Take the exact same 6-turn real conversation, drop it into openclaw, flip two switches:

Mode	raw input tokens	cache_read	Cost for 6 turns
passthrough (today's default)	24,151	0	$0.3623
with TELOS	0	18,701	$0.0281 (−92.3%)

Scale to 1,000 sessions: $362 → $26. In a controlled A/B/C/D run (showcase/dashboard.html, 2026-05-19) — 48 calls across 4 sessions, counterfactual bill $5.90, actual $3.74 — net saved $2.16 (−36.6%). One dev machine, one afternoon. Multiply by team scale, and that's a real server invoice every month.

Stop measuring in "X× fewer tokens." In 2026, the pricing gap between tiers of the same model family already spans 80×–150×. Anyone can inflate a ratio by stuffing the cheapest tier in the denominator — absolute dollars are the only number that doesn't lie.

⬢ 3-step to save 90%

❶ Install

pip install -U telos-sdk

❷ Connect

telos init

Auto-detects claude-code / codex / openclaw / hermes on this machine, injects config into each, and starts the local gateway in the background (state written to ~/.telos/gateway.json). No changes to your agent code.

❸ Observe

telos dashboard

Opens an offline HTML dashboard in your browser showing savings per call in absolute dollars. Every invocation is automatically appended to ~/.telos/usage.jsonl and aggregated in real time.

_{Every saving pinned to an absolute dollar figure · No cloud server required · Opens offline · ~/.telos/usage.jsonl fed directly into a single-file HTML page}

TELOS is open source. Run it on your own workflow — see whether that 92% is real, or just another "X× tokens" claim.

⬢ Support Matrix

Harness support

Harness	Typical usage	`telos init` auto-connect	Status
Claude Code	Anthropic-native coding agent workflow	✅	🟢 First-class
OpenClaw	Open-source agent runtime with TELOS parser integration	✅	🟢 First-class
Hermes	Multi-agent orchestration with independent sub-IR handling	✅	🟢 First-class
Codex	OpenAI-style coding workflow via local gateway injection	✅	🟢 Supported

Frontier model support

Model family	Provider	Through TELOS engine adapter	Notes
Claude (4.x / 4.6+)	Anthropic	✅	Explicit breakpoints and prewarm path
GPT (4+/5.x)	OpenAI	✅	Uses `prompt_cache_key` routing strategy
DeepSeek (V3+)	DeepSeek	✅	Deterministic byte-stable prefix behavior

Inference framework support

Framework	Deployment style	Through TELOS	Cache-aware capabilities
vLLM	Self-hosted OpenAI-compatible serving	✅	Explicit anchors, prewarm, cache probe/evict, partial fork-and-replace
SGLang	Self-hosted high-throughput serving	✅	Explicit anchors, prewarm, cache probe/evict, full fork-and-replace

_{Need another harness or model backend? TELOS is adapter-driven: keep the same IR and add an engine/harness adapter without rewriting your agent logic.}

⬢ TELOS solves exactly two things

① Push token efficiency to the limit. 6-turn real session −92.3%; controlled 48-call run −36.6% (net −$2.16). Every cent accounted for in absolute $/query-resolved — ratios can be faked; dollars can't.

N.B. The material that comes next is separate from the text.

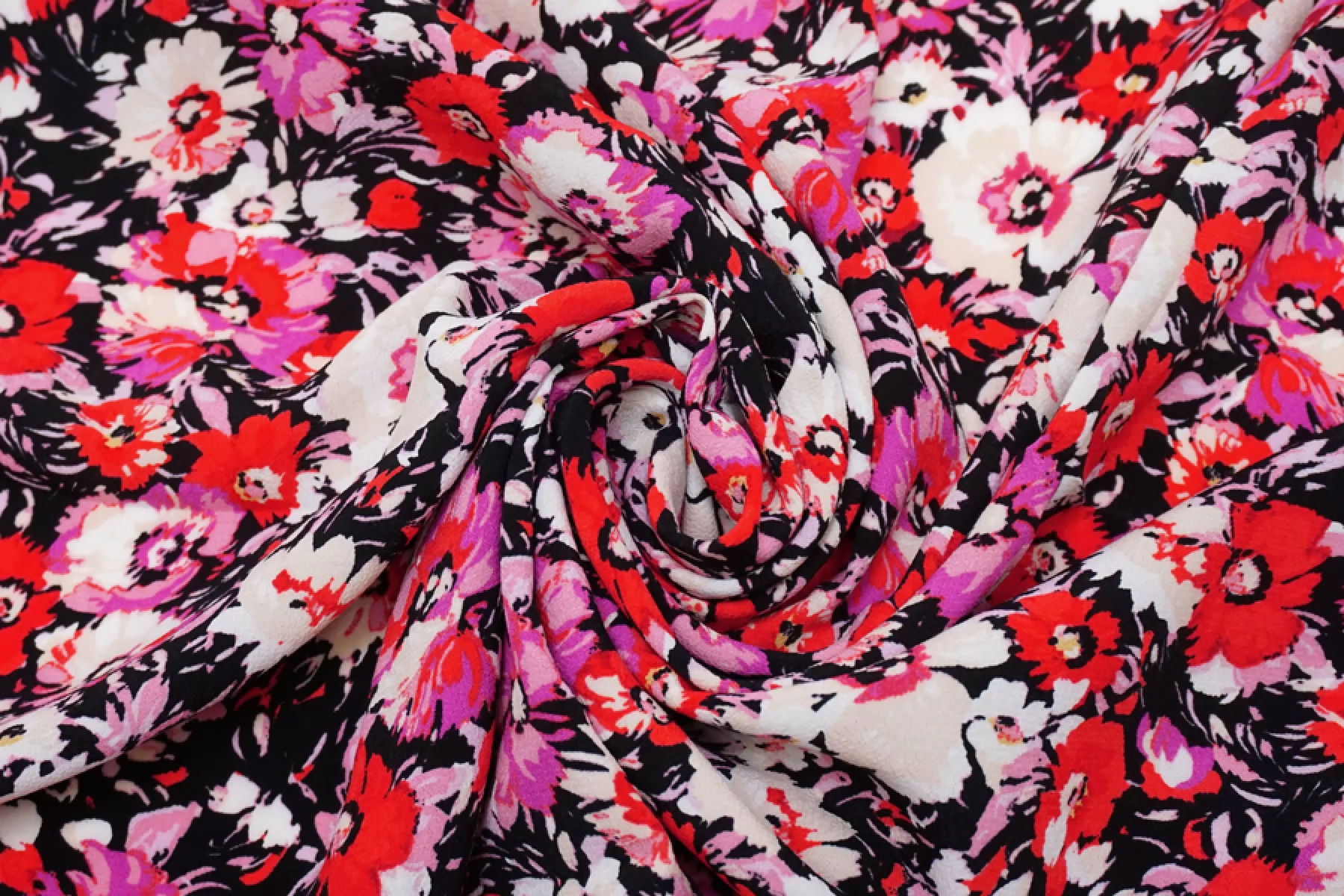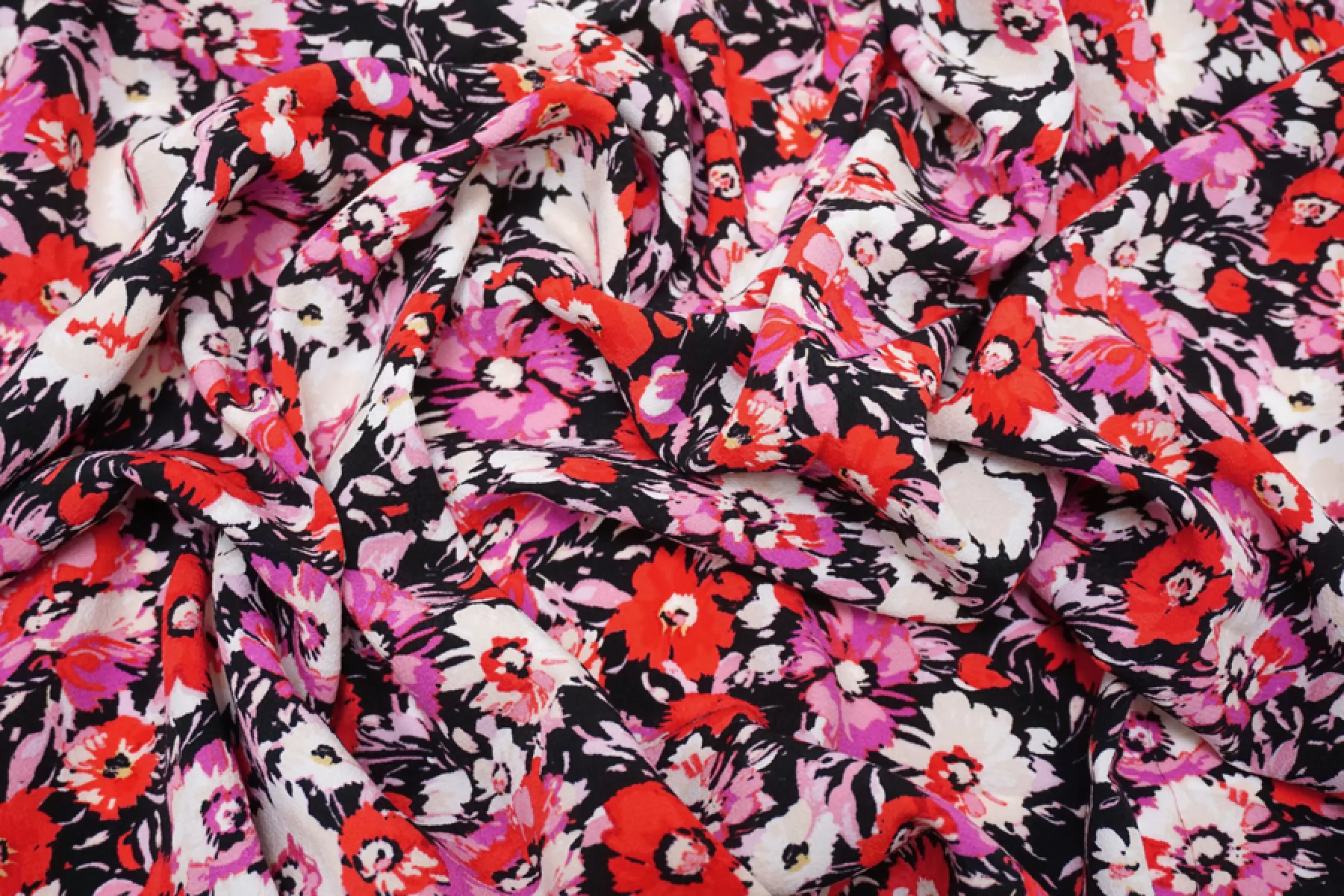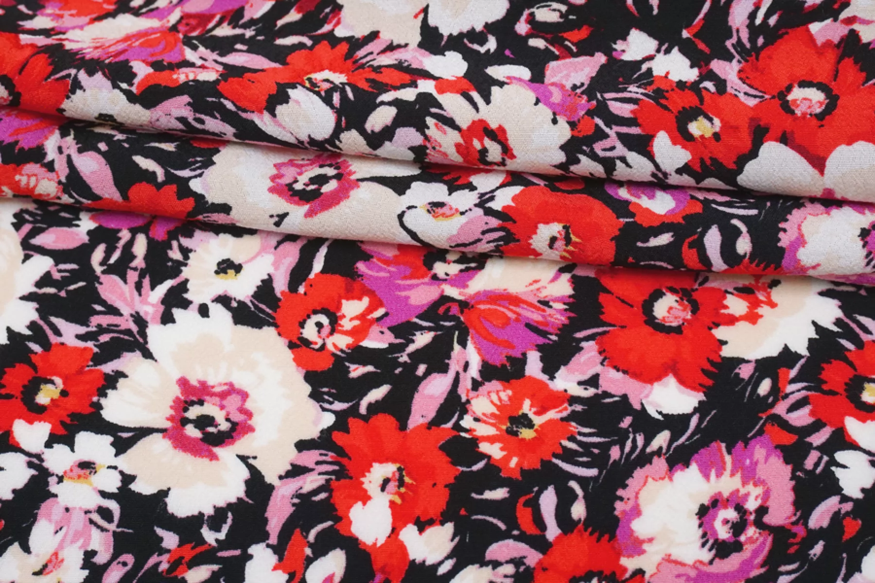 На отрезе полоса поперек отреза! Креповая вискоза со стилизованным цветочным принтом (розовый, красный, бежевый, белый) на чёрном фоне. Приятная и шероховатая наощупь. Тонкая, пластичная, красиво драпируется, форму не держит. Плетение немного пружинит. Немного просвечивает в один слой. Мнется. Прекрасный вариант на летние платья, юбки, летящие брюки, блузки. Учитывайте усадку.

② Return context sovereignty to you. TelosIR is an engine-agnostic, serializable, portable context representation. Your persona, your tools, your 20-turn mid-session thread — everything packed into the same stone tablet. Hand it to Claude today, move it to DeepSeek tomorrow, run it on a local vLLM tonight. Your context; agents are just hired help.

⬢ SWE-bench Verified — TELOS does not regress task correctness

Token savings are only useful if the agent still solves the problem. We ran a pre-registered A/B on SWE-bench Verified with the Hermes harness and deepseek/deepseek-v4-flash — 100 instances per arm, seeded sample across 8 repos (sphinx, matplotlib, xarray, pytest, requests, pylint, seaborn, flask). 99 instances per arm were graded under the official Docker harness (1 instance excluded due to a missing per-instance docker image upstream).

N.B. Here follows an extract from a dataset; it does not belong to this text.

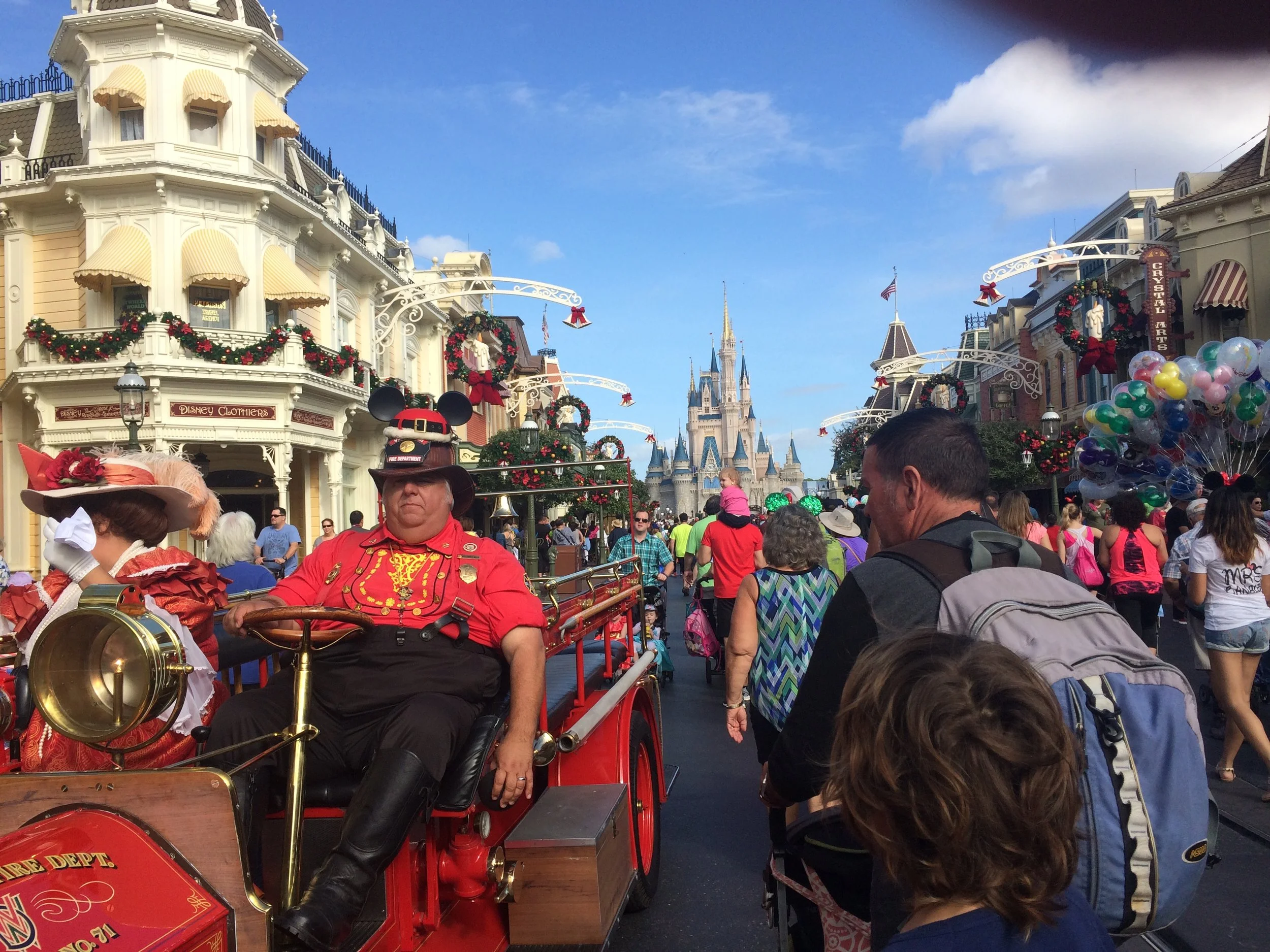 This is main street at the magical kingdom. You can buy lots of stuff and there are lots of parades, marching bands and singing. It gets very crowded.

Resolved rate (docker-graded, n=99/arm, paired)

Arm	Resolved	Rate	95% Wilson CI
TELOS	45 / 99	45.5%	[36.0%, 55.2%]
Vanilla	42 / 99	42.4%	[33.2%, 52.3%]

Paired 2×2 on the same 99 instances: both resolved 33; TELOS-only 12; vanilla-only 9; neither 45. Exact McNemar two-sided p = 0.66 — the +3 pp absolute gap is not statistically significant, i.e. TELOS does not regress resolved rate at this sample size.

Token efficiency (agent-side, n=99/arm, same instances)

Per-task	TELOS	Vanilla	Δ
new_input (post-cache, billed)	93,712	198,706	−52.8%
prompt_tokens (raw + cache)	352,400	515,953	−31.7%
output_tokens	24,975	25,218	−1.0%
api_calls	32.6	32.1	+1.4%
cache_share	73.4%	61.5%	+11.9 pp
reported cost (USD)	$2.29	$3.85	−40.5%

Read this honestly. The 99-instance subset gives a Wilson CI of roughly ±10 pp on each arm. This run can rule out an absolute regression worse than ~6 pp at 95% confidence (the lower bound of the paired difference), but cannot pin Δ to ±2 pp. What it shows with high confidence is the input-token bill is roughly halved, and end-to-end cost drops ~40%, at the same correctness band. A larger run (n ≥ 400/arm) is on the roadmap to tighten the resolved-rate confidence interval further.

_{Raw outputs: agent runs in /tmp/telos-ab-n100/{with,without}/, docker-graded reports in /tmp/telos-ab-n100/docker-eval/. Reproduce: scripts/run_swebench_batch.py -n 100 --seed 7. Full technical report (pre-registered design, statistical detail, related work): docs/2026-05-26-swebench-ab.md.}

⬢ The protocol: not compression, but never breaking the prefix

Most agent frameworks treat KV-cache as a runtime gift the inference engine may or may not give you. TELOS inverts this:

Cache reuse is a structural property of the prompt itself, not a matter of runtime luck. If you never touch bytes already submitted, the cache cannot be invalidated.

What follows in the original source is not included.